FLAG icon indicating copy to clipboard operation
FLAG copied to clipboard

Multi-gpu version

Open mengliu1998 opened this issue 3 years ago • 4 comments

Dear authors,

Thank you for this awesome work. I found the provided examples are very clear. However, I found it non-trivial to implement FLAG to a multi-GPU training for data parallelism using DataParallel from PyG. Do you have any idea to implement FLAG on such a multi-gpu training pipeline.

Thank you.

mengliu1998 avatar Aug 11 '21 22:08 mengliu1998

Hi Meng,

Thanks for your interest in our work and using our code. Yes using FLAG on multi-GPU is definitely interesting and has always been a thing to me. Unfortunately, I haven't tried really implementing one, as the experiments I did on OGB do not require that, but I do think that's a future direction to pursue.

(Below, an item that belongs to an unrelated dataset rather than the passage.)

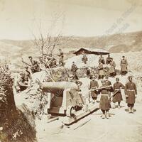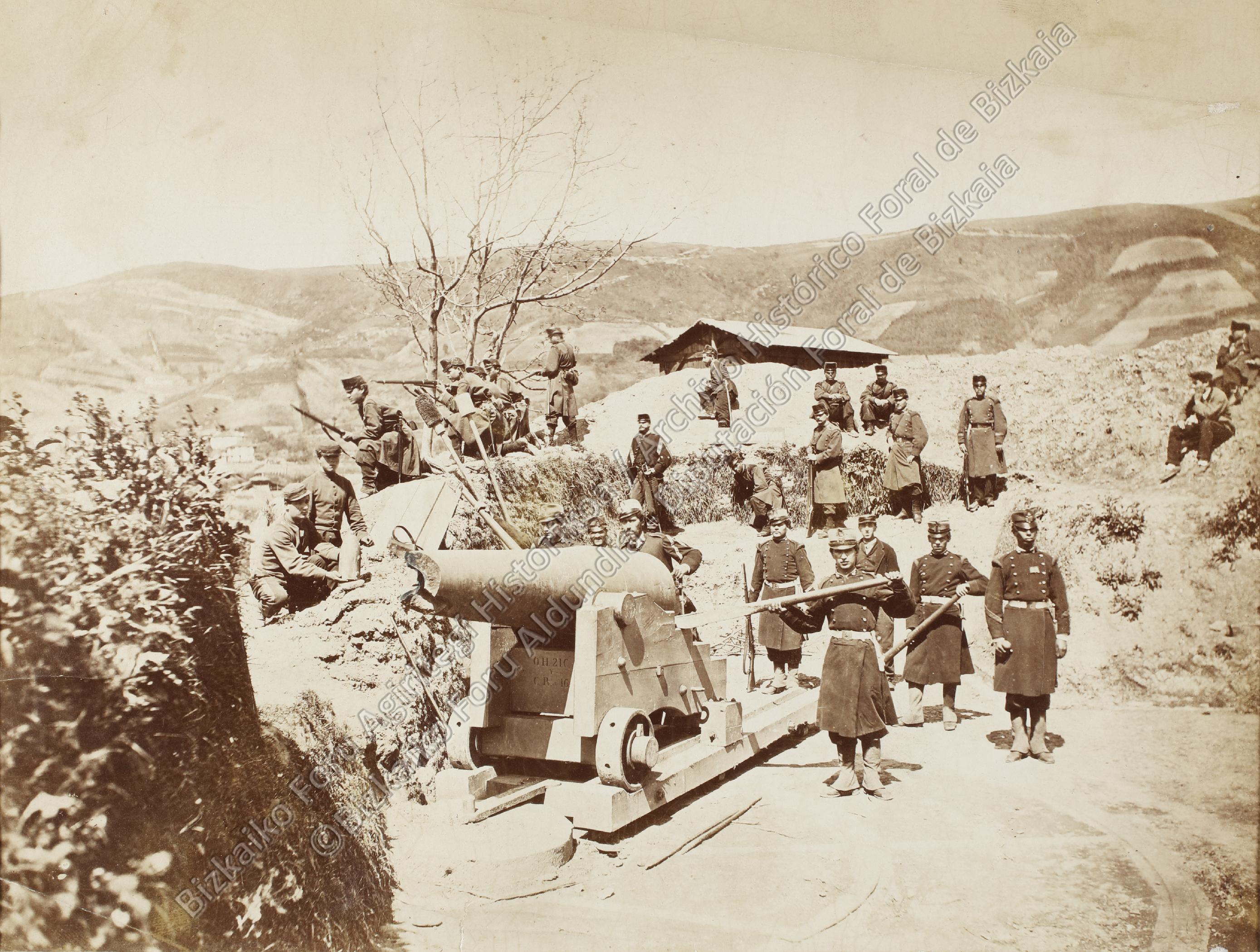 Retrato de grupo de la guarnición de la batería del Choritoqui, con el monte Archanda al fondo, durante El Sitio carlista de Bilbao de 1874. En la imagen, los soldados posan con un cañón en posición de combate para el fotógrafo, mientras dos civiles les observan desde una esquina.

And it seems that you have got your hands dirty on this problem, do you have any idea to share? Do you know what is blocking us from using the parallel lib provided by PyG?

Thanks!

devnkong avatar Aug 12 '21 17:08 devnkong

Hi @devnkong,

Thank you for your quick response.

The DataParallel from PyG should be used with DataListLoader. In this case, each iteration of the dataloader will return a list of torch_geometric.data.Data, which will be split to multiple GPUs and on each GPU it will be organized as an torch_geometric.data.Batch object.

So the update of the perturbation for a batch (on multiple GPUs) seems to be difficult.

mengliu1998 avatar Aug 12 '21 18:08 mengliu1998

I see, my suggestion is that you directly try on the PyG multi-gpu example in the straight-forward manner. For adversarial training on CV and NLP, similar implementation like FLAG works fine on multi-gpu, so I guess it shouldn't be a big issue on graph either? If you have already tried please tell, thx!

devnkong avatar Aug 12 '21 18:08 devnkong

Thanks. I will try it.

mengliu1998 avatar Aug 12 '21 19:08 mengliu1998